Увидела ее в магазине. Они тогда с родителями ходили выбирать гирлянды. Это мама мне в красках рассказывала! Про свой первый раз она помнит все в деталях. И в каком магазине была, и в каком отделе. И какую гирлянду они в конце концов купили. Кстати, гирлянда до сих пор у бабушки с дедом жива. Они ее всегда над входом крепят. Там еще бубенчики, и когда я был маленький, папа всегда поднимал меня, чтобы я дотянулся до бубенчика, и чтобы он звякнул. Тогда бабушка открывала дверь без звонка и говорила — кто это к нам пришел? Уж не Санта ли Клаус? А я говорил — нет, бабушка, это же я!  

Хотя, может, дед эти бубенчики уже потом в гирлянду прикрепил, не знаю. Специально для меня. Они вообще в этом плане молодцы, много чего прикольного для меня сделали. И тренажеры всякие — весь дом в них. Стенки разные, качельки растягиваться. И допустим, у меня под Рождество всегда был козел, на котором на самом деле можно было скакать. То есть они брали мою деревянную лошадку и к празднику перевязывали настоящей соломой так, что она не казалась деревянной лошадкой. А выглядела, как настоящий Рождественский Козел. Я на нем скакал, помню. Бабушка усаживалась следом на подушки и говорила — отвезешь меня в Лапландию за подарками, Тапио Ялава?  

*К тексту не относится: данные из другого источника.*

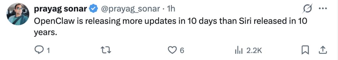 龙虾10天更新的功能,比Siri 10年更新的还多!
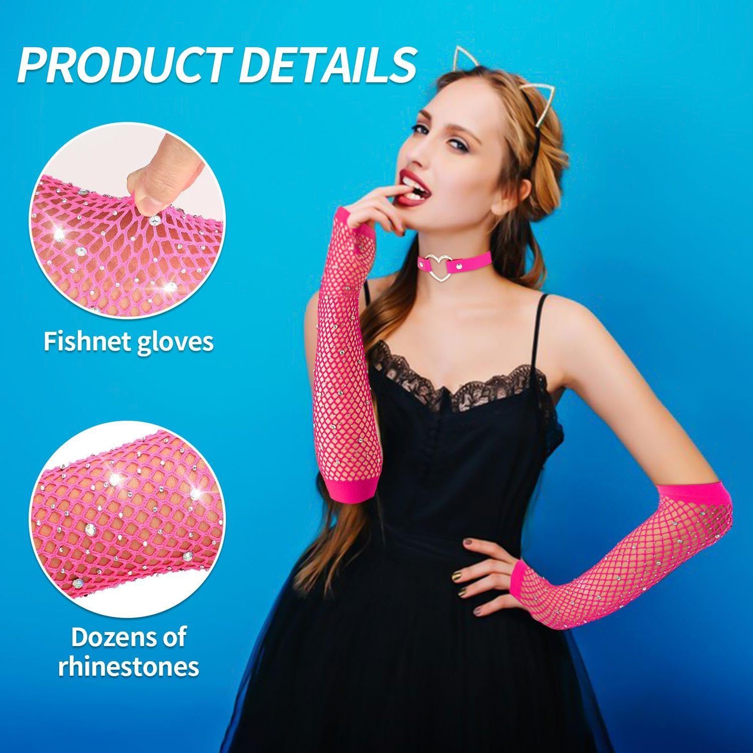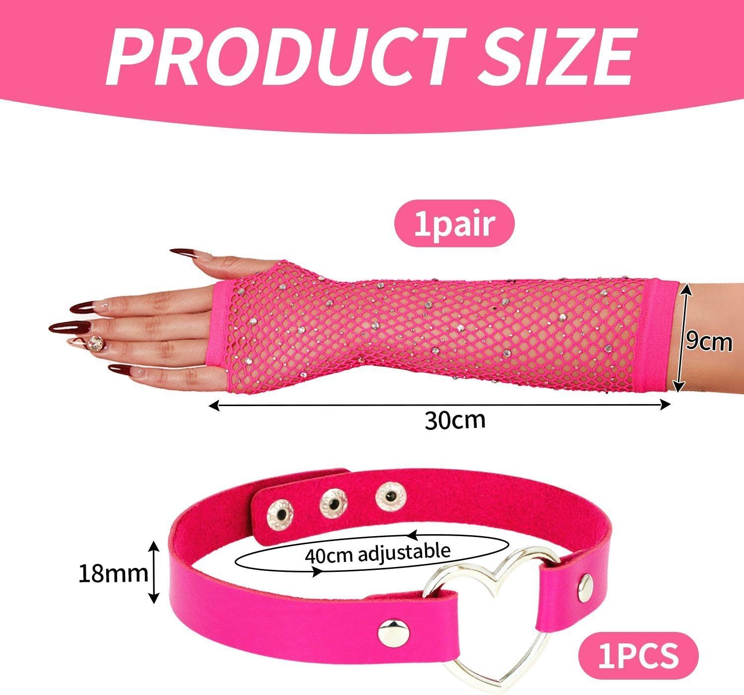 【Contenuto Del Prodotto】 Riceverai 1 Paio Di Guanti A Rete E 1 Pezzo Di Colletto. I Guanti A Rete Hanno Dimensioni Di Circa 23 Cm E Sono Di Colore Rosso Rosa; I Collari Hanno Dimensioni Di Circa 21-50 Cm E Sono Di Colore Rosso Rosa, Adatti Per L'Abbinamento E La Decorazione Personale. 【Materiale Del Prodotto】 I Guanti A Rete Di Questo Prodotto Sono Realizzati In Tessuto, Morbidi E Traspiranti E Si Sentono A Proprio Agio. Il Colletto È Realizzato In Pelle Pu, Resistente E Facile Da Pulire, Portando Una Combinazione Di Moda E Personalità. 【Design Creativo】 Questo Prodotto È Progettato In Modo Univoco, Con Guanti A Rete Che Utilizzano Un Design Scintillante Creativo, Aggiungendo Una Personalità Retrò. Il Colletto È Progettato Eleemente E Regolabile Di Lunghezza, Adatto A Diverse Circonferenze Del Collo, Migliorando L'Aspetto Generale Della Moda. 【Ampiamente Utilizzato】 Questo Prodotto È Molto Adatto Come Accessorio Per Parti, Spettacoli O Abiti Giornalieri. È Abbinato A Vari Stili Di Abbigliamento Per Rendere Il Tuo Aspetto Più Unico E Accattivante. 【Facile Da Manutenzione】 Questo Articolo È Facile Da Pulire E Mantenere E I Guanti A Rete E I Collari In Pelle Pu Possono Essere Lavati A Mano O Puliti Per Mantenerlo Pulito E Lucido.
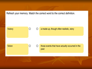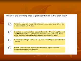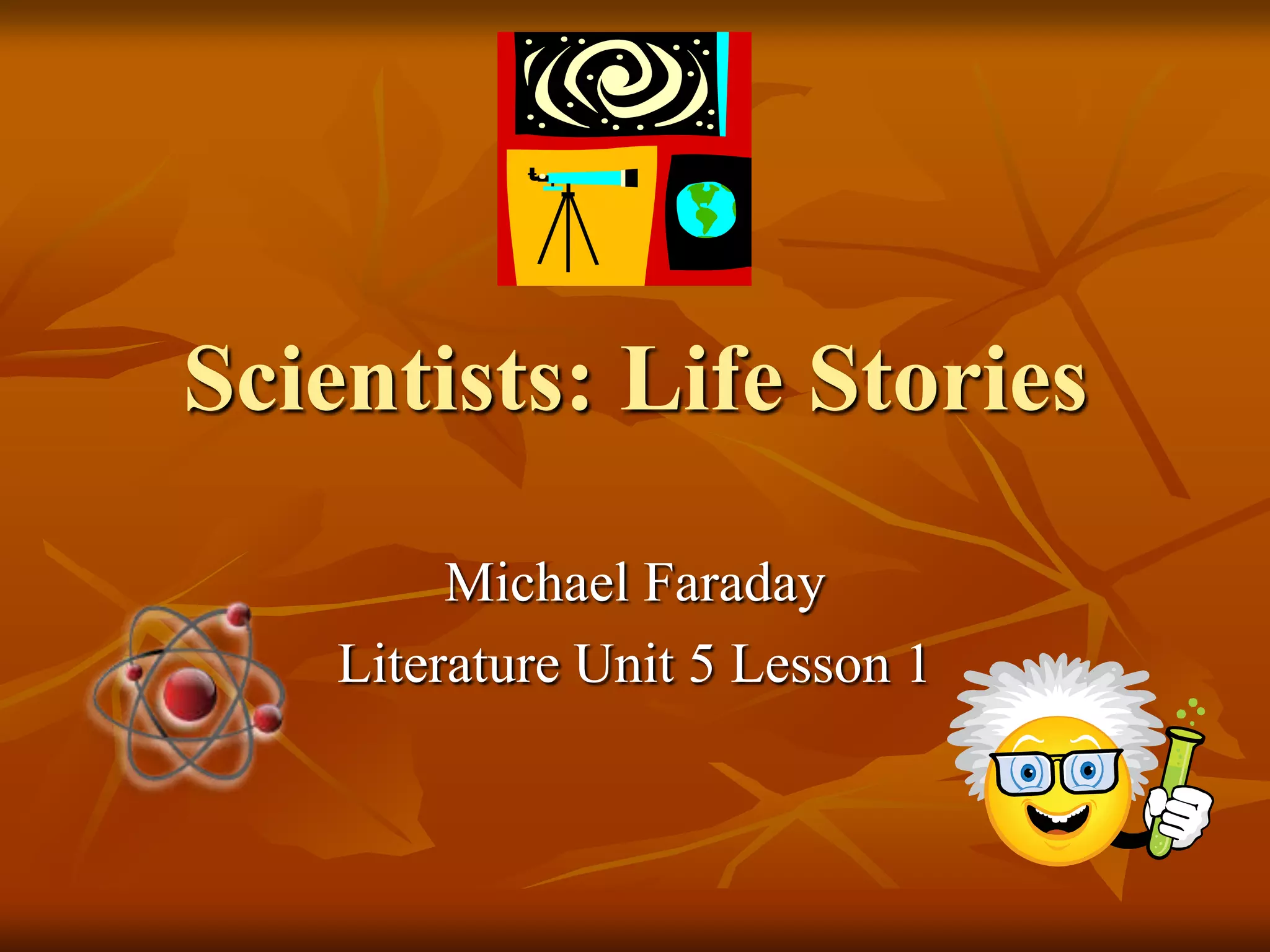 This document provides lesson objectives and instructions for students to analyze the historical facts versus fictional elements in a story about Michael Faraday. Students are asked to review pages 87-99 of a book, taking notes on the facts and fiction. They will then share their notes on a whiteboard for points. The next day's reading assignment is also provided.
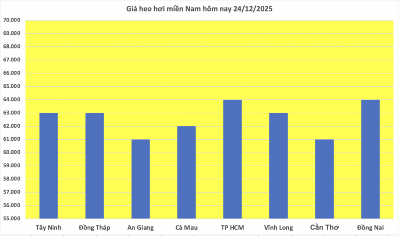 Các địa phương Đồng Tháp, Vĩnh Long và Tây Ninh cùng giữ mức giá 63.000 đồng/kg, trong đó Đồng Tháp và Vĩnh Long có mức tăng mạnh nhất khu vực là 2.000 đồng/kg.

Ну да, имечко мне досталось, спасибо маме. У всех нормальные имена, у меня вот это — Хозяин леса. Какой из меня хозяин. Я дохлый, как скелет. Шкелетон — как папа говорит. Я в наш лес даже один и не хожу никогда, только с парнями. Если мало ли что — один я не выгребу оттуда.  

Чего там творится, не знаю и не горю желанием знать. Однажды смотрю — парень весь исцарапанный, как будто сквозь ельник ломился. Куртка порвана. И по воде ползет! Там мелко, он за камни цепляется и ползет к берегу, причем, быстро так. Напугал кто, или грибов поел. Я тогда чутка помог ему. Он все бросил, айфон бросил, так шуганулся от меня. Покемонов что ли ловил, до сих пор не пойму. На берег вылез и чесать. Ну я и сам поковылял оттуда во все лопатки. Мало ли. Как-то не по себе стало. 

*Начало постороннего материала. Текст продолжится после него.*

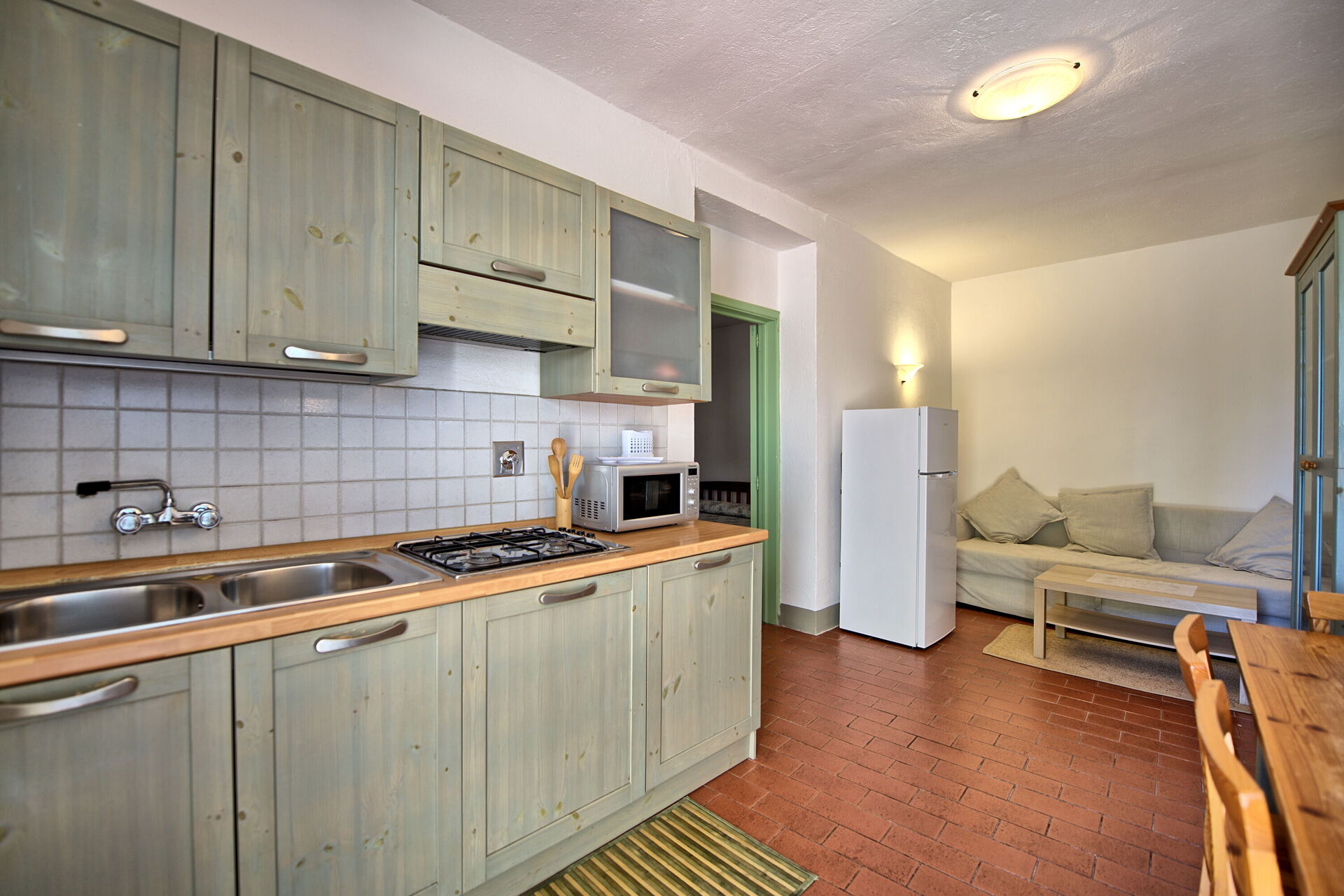 Første etasje (tilgang fra terrassen): lite kjøkken (satellitt-TV, kjøleskap 120 lt, liten elektrisk ovn) med spisebord og sovesofa, dobbelt soverom (aircondition) med tilgang til terrasse og eget bad med dusj. Sovesofaen er begrenset til barn under 12 år.
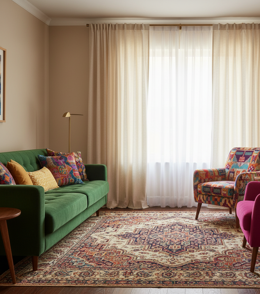 Ако стените са неутрални, завесите в по-ярки цветове могат да бъдат смелият акцент. Ако мебелите са пъстри, неутралните завеси ще донесат баланс. Мислете за цвета като за подправка в ястието – той трябва да допълва, не да заглушава другите вкусове.

У нас тут психов хватает. Один малой вечно у воды трется, то ли ждет чего-то, то ли затевает. Подошел к нему как-то, чего, думаю, он все время один. Он как спичками затряс, угрожает, типа. Ладно, я не лезу больше. Его в школе, кажется, чморят. У него бабка чокнутая, или что-то такое. Я не очень в курсе. В школе, конечно, интересные люди подобрались. Так и норовят отмочить коры. Глаз да глаз за ними нужен. Я чутка приглядываю за ними.  

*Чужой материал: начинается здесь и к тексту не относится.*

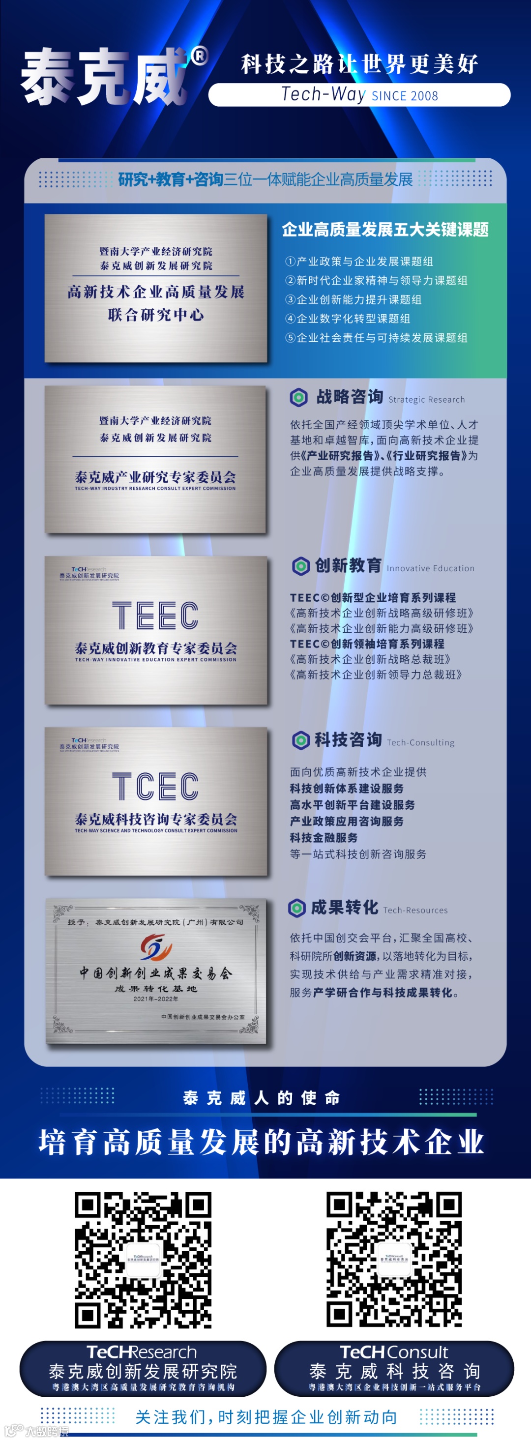 旨在为企业家和企业主要经营决策者,构建系统化的企业战略思维与方法,从企业科技创新致胜之道的战略定位,到企业创新发展两大支撑:产业研究与数字创新,锚定企业转型的决心,坚定企业家创新经营的信心,并打通创新型企业战略部署的有效路径。
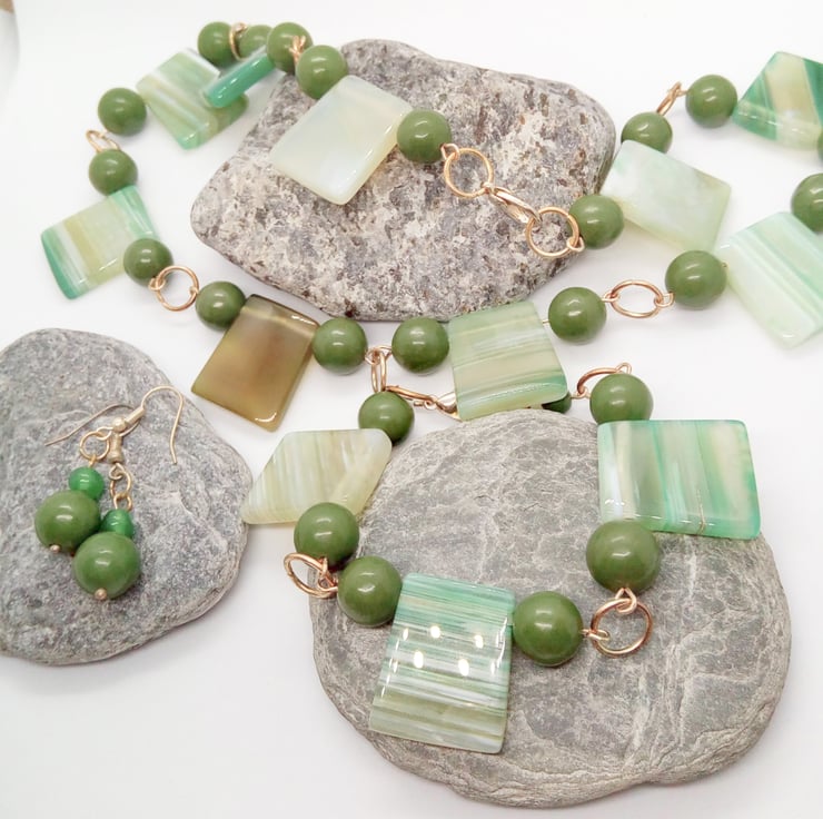 Green Jade and Glass Trapezoid Shaped Bead 3 Piece Jewellery Set

В общем, тот еще лесок у нас. Тут на опушке — другое дело. Тут даже я хозяином себя чувствую. Зато я косолапый, как настоящий хозяин леса — это не отнять. Сзади если — правда, как медведь. Поэтому бурое не ношу, чтоб не путали. Шучу.  

В общем, я к чему веду. Мама взяла себе за обычай — как Рождество надвигается, она нового старичка в дом тащит. Или старушку. Проще всего их найти знаешь где? В супермаркете, рядом с пятачком, где Санта Клаус детей на коленке качает. Обязательно там попадется какой-нибудь пенс, который будет издалека смотреть.  

Мама придет туда, походит-походит и выудит из толпы с самыми несчастными глазами. И приглашает на ужин. Еще никто не отказывался. Я сколько себе помню, у нас обязательно кто-нибудь за столом новый сидит, наши красные салфетки с золотыми колокольчиками нахваливает. Это мама вышивала в свое время. Они у нас всегда на столе в Рождество, семейная традиция. И булочки она печь умеет, как Айри. Как заведет тесто, аааааа — я тут как тут, всегда рядом пасусь, чтобы не пропустить первую. Дух на весь дом.  

Вот сейчас самое-самое — она ведет список. Всех, кто к ней на праздник приходил. И потом переписывается. На следующие праздники поздравляет. И они ей пишут, жизнью интересуются, о себе сообщают.  

Вообще-то это морально тяжело, потому что они умирают. Пару лет назад, допустим, она отправила Эро Вахванену открытку, а ей обратно, как раз под самый праздник приходит ответ — так и так, мол, нет его больше на свете. И вас, дескать, с Рождеством. И вот мы сидим за столом в этот день, с новенькой знакомимся, Кирсти, она прямо вся цветет и пахнет, а нам как-то не по себе. Как-то по-другому что ли начинаешь на нее смотреть. Как-то хочется ее повкусней накормить, что ли. В смысле — сегодня она тут с нами сидит и радуется, а завтра — фиг его знает. Тоже ведь не молодая уже. Мне так жалко стало всех наших старичков в тот раз.  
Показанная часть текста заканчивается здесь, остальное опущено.